(Exercise input Opens)

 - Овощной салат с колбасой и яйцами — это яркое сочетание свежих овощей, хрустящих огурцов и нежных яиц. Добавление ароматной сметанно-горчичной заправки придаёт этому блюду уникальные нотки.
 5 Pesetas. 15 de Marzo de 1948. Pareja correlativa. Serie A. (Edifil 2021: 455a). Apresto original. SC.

(Exercise input Closes)
(Exercise input Opens)

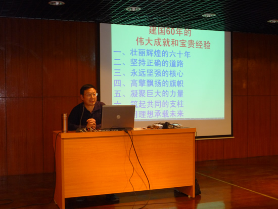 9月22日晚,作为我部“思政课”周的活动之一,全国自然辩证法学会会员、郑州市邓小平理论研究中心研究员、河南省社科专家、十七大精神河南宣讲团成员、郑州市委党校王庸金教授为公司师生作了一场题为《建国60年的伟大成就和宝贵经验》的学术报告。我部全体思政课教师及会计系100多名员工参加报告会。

(Exercise input Closes)

**Task requirements:** Write out, from the lines above, only those from the line with "- Овощной салат" to the line with "5 Pesetas. 15", exactly as given, including the first and the last.

**Response:**
 - Овощной салат с колбасой и яйцами — это яркое сочетание свежих овощей, хрустящих огурцов и нежных яиц. Добавление ароматной сметанно-горчичной заправки придаёт этому блюду уникальные нотки.
 5 Pesetas. 15 de Marzo de 1948. Pareja correlativa. Serie A. (Edifil 2021: 455a). Apresto original. SC.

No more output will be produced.